Dedra Starts To Break Bix

Episode 9 of “Andor” opens with Dedra torturing Bix into admitting that she’s in cahoots with Cassian and that she knows everything about the Axis (I think they are using this term to refer to Luthen because the Empire doesn’t know about him yet), and how both of them are connected to the Aldhani Garrison attack. When Bix refuses to budge, Dedra employs Dr. Gorst to use his methods and get Bix to talk. And the method is one of the most horrifying things I’ve ever heard. As explained by Gorst, there was an Outer Rim moon called Dizon Fray. The species living there protested against the construction of an Imperial refueling center. So, the Empire committed mass genocide and proceeded with the construction. But while dying, the species (specifically the babies) let out a cry that caused a severe amount of emotional distress to the communications officers documenting the phenomenon. In order to torture Bix, a sample of that “choral, agonized pleading” will be used until she speaks.

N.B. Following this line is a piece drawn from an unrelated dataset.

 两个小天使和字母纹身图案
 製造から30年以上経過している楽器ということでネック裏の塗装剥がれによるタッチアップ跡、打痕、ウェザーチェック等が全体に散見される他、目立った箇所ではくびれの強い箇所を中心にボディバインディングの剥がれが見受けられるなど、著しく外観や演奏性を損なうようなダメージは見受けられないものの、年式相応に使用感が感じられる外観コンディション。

Sonic torture is a thing that’s used by interrogation experts to break down prisoners. Countries like the United States, Iraq, Israel, and Greece are known for their use of popular music to torture those who are being held captive. So, it’s not a stretch for the fascist Empire to do the same. Except, in this case, they aren’t using music but the cries of those who they’ve killed. It can seem unrealistic to some but given how fascism is being normalized in real life, it feels prophetic, nonetheless. Meanwhile, on Narkina Five, Cassian and the rest of the prisoners toil away, assembling parts for the Empire. Ulaf starts to show signs of physical and mental weakness, and Cassian reveals that he’s already working on an escape plan. But the main issue is the constant rotation of the new prisoners and Kino keeping such a keen eye on everyone that it’s not giving him any room to do anything substantial. And in case anyone is wondering what the end result of furthering fascism for one’s selfish needs is, this episode eventually makes it very clear.

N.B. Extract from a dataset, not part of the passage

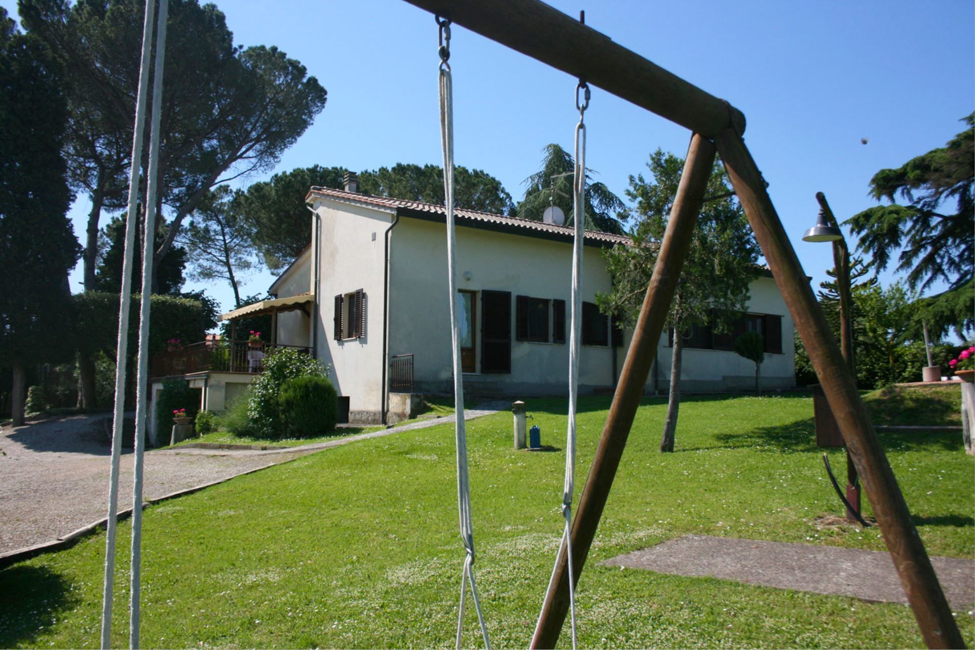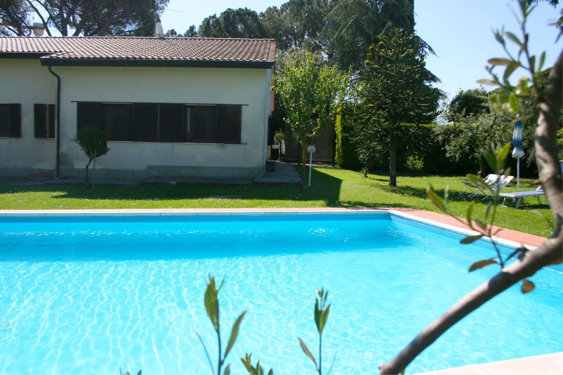 One of the villa's strong points is undoubtedly its green enclosed park, composed of pines, cypresses, firs and a centuries-old cedar, a peaceful refuge for your four-legged friends and a safe place for your children to play. In the garden you will have at your disposal a barbecue, a table tennis, swings for the children, and a beautiful swimming pool (size 6x12 m, depth 1.60 m) equipped with sunbeds, deckchairs and beach umbrellas, perfect for escaping the summer heat and for an aperitif by the pool.

Vel Is Mon Mothma’s Cousin?!

While presenting the topic of how the Republic shouldn’t give full control of the galaxy’s legislative powers to the Empire, Mon Mothma notices a frightening amount of naysayers. Dejected, she makes her way home to her ungrateful husband, Perrin, and her annoying daughter Leida. The only thing that brightens that journey is the fact that her cousin has arrived to meet her. And that cousin is none other than Vel Sartha. Now, Vel has already shown how proficient she is at wielding guns and rappelling down huge buildings. But she’s amazing at showing sexist men like Perrin their place, who keep talking about why she isn’t married to a man yet. Since we know about Vel’s sexuality (yes, she’s lesbian), this particular conversation feels really offensive because Perrin, in addition to being such a bad husband to Mon, is sitting there assuming that Vel is heterosexual. Can this man do anything right? Sadly, Vel gives Leida a pass even though she’s as annoying as her father and leaves to continue searching for Cassian.

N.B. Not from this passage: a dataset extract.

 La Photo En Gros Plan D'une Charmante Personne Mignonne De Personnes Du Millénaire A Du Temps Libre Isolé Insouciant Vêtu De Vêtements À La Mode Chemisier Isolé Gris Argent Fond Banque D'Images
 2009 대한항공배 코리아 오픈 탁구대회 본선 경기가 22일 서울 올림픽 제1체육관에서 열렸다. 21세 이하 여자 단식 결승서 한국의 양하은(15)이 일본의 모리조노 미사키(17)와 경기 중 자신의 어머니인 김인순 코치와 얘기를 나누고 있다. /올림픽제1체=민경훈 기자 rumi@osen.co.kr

Talking about Cassian, he begins to chip away at Kino’s whole theory that the guards in Narkina Five are constantly listening to what they’re saying, in addition to punishing them for everything. This goes back to the theory Cassian laid out in front of Luthen in Ferrix, that the representatives of the Empire don’t have to care that much about what the people are saying. The fear and oppression are going to force them to suppress their thoughts, which is exactly what’s happening with Kino and the rest of the prisoners. So, instead of making a plan and strategizing, they are all sitting in silence and letting the Empire walk over them. Since Cassian has been arrested under the pseudonym Keef, and Bix is evidently giving up no information, the ISB is still looking for him and the rest of the Rebels who were with him at Aldhani. Also, the reason Dedra hasn’t started to torture Maarva is that Dedra knows she’ll die instantly because she’s so weak. Then they’ll have no bait to bring Cassian out to Ferrix.

‘Andor’ Episode 9 Ending Explained: What Does Ulaf’s Death Reveal To Cassian And Kino?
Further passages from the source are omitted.